I've been wondering the same thing and I have no idea. Even with the OWS movement going on I still feel extremely helpless, to be perfectly honest.

(I have a meeting now, but tagged for future posting.)

No.

I think what is happening, and what will continue to happen in future generations is that you will continue to connect to the world (and vice versa) in more and more ways. Facebook, xbox gamer tags, etc you have many forms of identification and lots of data points that people are freely exposing including current location and who you're hanging out with. This openness has more potential to enrich our lives and interactions than anything else going on in technology.

Sure it could be abused by the police state, but if you have open connectivity, I'm not sure how the evil state is going to pull it off without everyone knowing.

My family is pretty lucky in that regard; my wife is American and I'm a Canadian citizen. For us, we can always just pick whichever country is less evil.

That said, 5 years ago we were discussing an eventual move to California. Lately the future destination has been British Columbia...

bandit0013 wrote:

Sure it could be abused by the police state, but if you have open connectivity, I'm not sure how the evil state is going to pull it off without everyone knowing.

Admittedly, I'm not sure how difficult it is for a government agency to obtain permission to do this in general, but the data center company I work at has had at least one such agency come to us and tell us we need to let them sniff all of a client's traffic. Saying no wasn't an option, and our client was never informed of this. I believe one of our client's client's was supposedly a target, but it is impossible to know what information that agency actually took.

I'm not sure how the evil state is going to pull it off without everyone knowing.

As has been shown quite clearly of late, if you demonize someone sufficiently, the majority won't care what you do to them.

bandit0013 wrote:

No.

I think what is happening, and what will continue to happen in future generations is that you will continue to connect to the world (and vice versa) in more and more ways. Facebook, xbox gamer tags, etc you have many forms of identification and lots of data points that people are freely exposing including current location and who you're hanging out with. This openness has more potential to enrich our lives and interactions than anything else going on in technology.

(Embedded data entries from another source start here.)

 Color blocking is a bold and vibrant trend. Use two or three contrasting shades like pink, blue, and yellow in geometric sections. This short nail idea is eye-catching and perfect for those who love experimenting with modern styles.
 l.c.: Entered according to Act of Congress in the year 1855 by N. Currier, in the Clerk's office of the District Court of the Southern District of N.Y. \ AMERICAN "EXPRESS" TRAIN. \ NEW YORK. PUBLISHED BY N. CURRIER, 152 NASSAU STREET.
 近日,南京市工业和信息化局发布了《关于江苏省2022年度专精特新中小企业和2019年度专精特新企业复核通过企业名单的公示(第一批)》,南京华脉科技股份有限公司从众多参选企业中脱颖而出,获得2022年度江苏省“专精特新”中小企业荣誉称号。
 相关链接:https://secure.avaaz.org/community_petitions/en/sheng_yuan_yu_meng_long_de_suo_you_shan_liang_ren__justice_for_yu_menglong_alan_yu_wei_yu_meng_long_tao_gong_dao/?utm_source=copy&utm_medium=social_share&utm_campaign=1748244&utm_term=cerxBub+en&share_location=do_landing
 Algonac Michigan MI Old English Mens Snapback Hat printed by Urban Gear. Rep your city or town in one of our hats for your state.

Sure it could be abused by the police state, but if you have open connectivity, I'm not sure how the evil state is going to pull it off without everyone knowing.

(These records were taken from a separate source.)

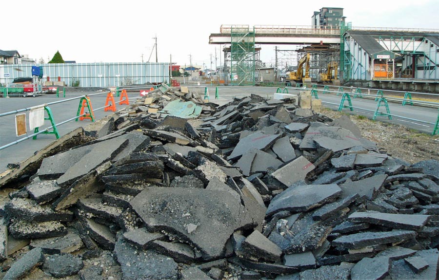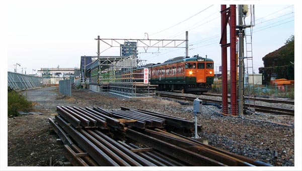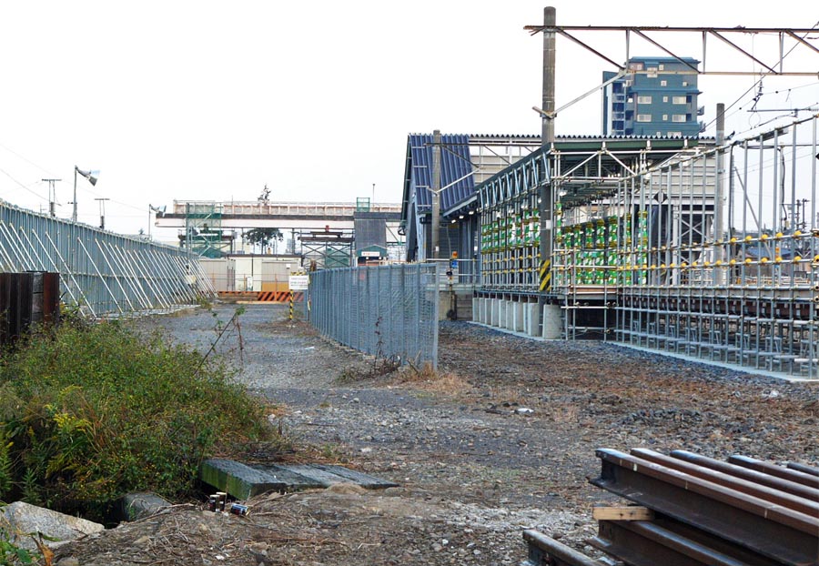 ![]() 工事用塀に囲まれたJR両毛線地上軌道(駅西方)。右後方に「アイタワー花の森」 2007/11/17 ![]() 工事用塀に囲まれた伊勢崎駅ホーム。右後方に「アイタワー花の森」 2007/11/4 ![]() 駅北で進む道路工事。既設アスファルト舗装を剥離。2007/11/4 |
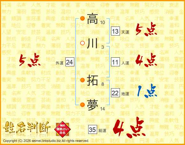 生活面を象徴する運勢です。外部から受ける影響力を表し、結婚運、家庭運や職場、環境への順応性を表します。総運から人運を引いた画数。姓や名が1文字の場合を除く。
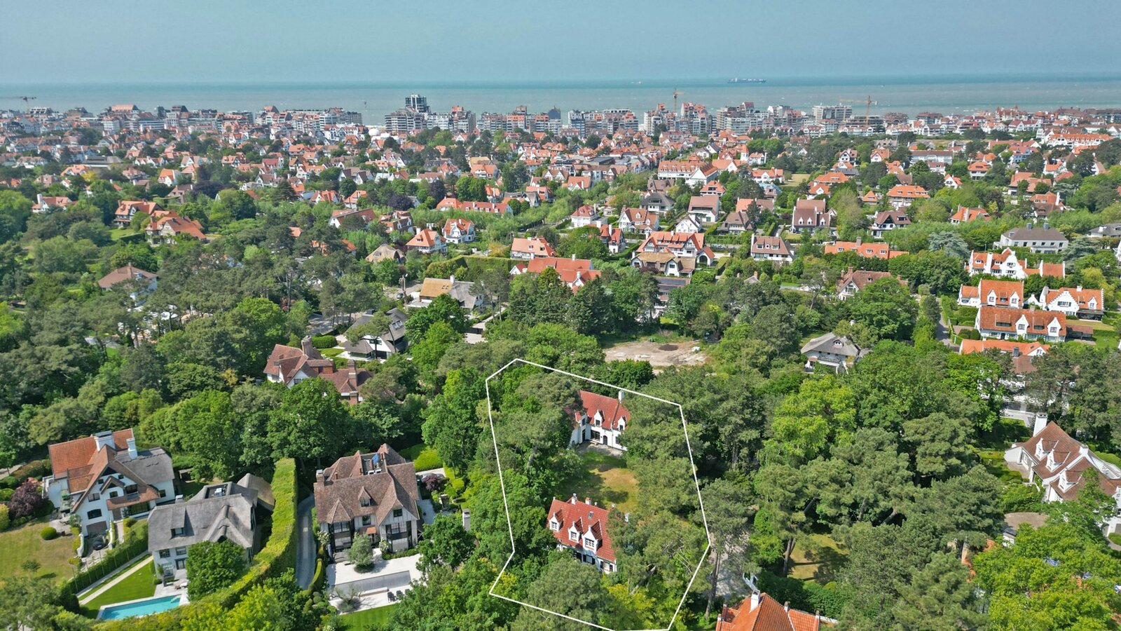 Uitzonderlijke eigendom te koop, verscholen tussen de paadjes in hartje Zoute, vlakbij de Royal Zoute Golf Club op een terrein van 2.421m².
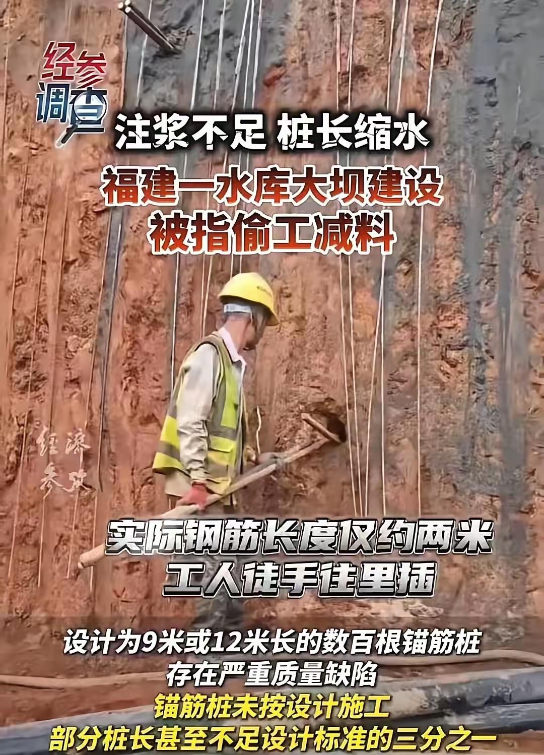 还有人把“生命重于泰山”当回事吗?国家“十四五”重点工程福建永安抽蓄电站,竟被曝出藏着致命猫腻,记者王文志的曝光简直撕开了行业遮羞布!12米的锚筋桩硬生生缩成2米,4袋水泥的用量被偷换成1袋灌十几个桩,本该固若金汤的大坝“生命线”,成了一碰就晃的摆设。 更恶心的是,监理本该是质量守门人,却忙着接受KTV有偿陪侍,把监督职责抛到九霄云外。要知道这大坝得扛住200年一遇的洪水,这些“空心桩”一旦遭遇洪峰,下游万千生命家园都将面临灭顶之灾,这哪里是施工,分明是拿人命赌利益! 别拿“设计变更”当借口,未批先改、偷工减料的背后,是良心的彻底沦丧。重点工程不是敛财工具,民生安全更容不得半点糊弄。为敢说真话的王文志点赞,更盼着相关部门严查到底,让漠视生命的人付出代价!你觉得该如何杜绝这种工程乱象?来评论区聊聊!

Could be abused? It is being abused right now and has for years.

The government still won't admit to doing warrantless wiretapping even though we have clear evidence that the NSA is making copies of every single bit and byte going through all the telecom's routers. Let me give you a little summary.

Sources:

https://www.eff.org/press/archives/2...
https://www.nytimes.com/2005/12/24/p...
https://www.eff.org/nsa/hepting
https://www.eff.org/cases/jewel
http://www.dslreports.com/shownews/N...
http://www.dslreports.com/shownews/F...
http://arstechnica.com/tech-policy/n...
http://www.newyorker.com/reporting/2...

EFF's Patterns of Misconduct: FBI Intelligence Violations from 2001 - 2008[/url]]Number of Violations Committed by the FBI

  • From 2001 to 2008, the FBI reported to the IOB approximately 800 violations of laws, Executive Orders, or other regulations governing intelligence investigations, although this number likely significantly under-represents the number of violations that actually occurred.
  • From 2001 to 2008, the FBI investigated, at minimum, 7000 potential violations of laws, Executive Orders, or other regulations governing intelligence investigations.
  • Based on the proportion of violations reported to the IOB and the FBI’s own statements regarding the number of NSL violations that occurred, the actual number of violations that may have occurred from 2001 to 2008 could approach 40,000 possible violations of law, Executive Order, or other regulations governing intelligence investigations.1

Substantial Delays in the Intelligence Oversight Process

  • From 2001 to 2008, both FBI and IOB oversight of intelligence activities was delayed and likely ineffectual; on average, 2.5 years elapsed between a violation’s occurrence and its eventual reporting to the IOB.

Type and Frequency of FBI Intelligence Violations
[list]
[*]From 2001 to 2008, of the nearly 800 violations reported to the IOB:

  • over one-third involved FBI violation of rules governing internal oversight of intelligence investigations.
  • nearly one-third involved FBI abuse, misuse, or careless use of the Bureau’s National Security Letter authority.
  • almost one-fifth involved an FBI violation of the Constitution, the Foreign Intelligence Surveillance Act, or other laws governing criminal investigations or intelligence gathering activities.

[*]From 2001 to 2008, in nearly half of all NSL violations, third-parties to whom NSLs were issued — phone companies, internet service providers, financial institutions, and credit agencies —contributed in some way to the FBI’s unauthorized receipt of personal information.
[*]From 2001 to 2008, the FBI engaged in a number of flagrant legal violations, including:

[list]
[*]submitting false or inaccurate declarations to courts.
[*]using improper evidence to obtain federal grand jury subpoenas.
[*]accessing password protected documents without a warrant.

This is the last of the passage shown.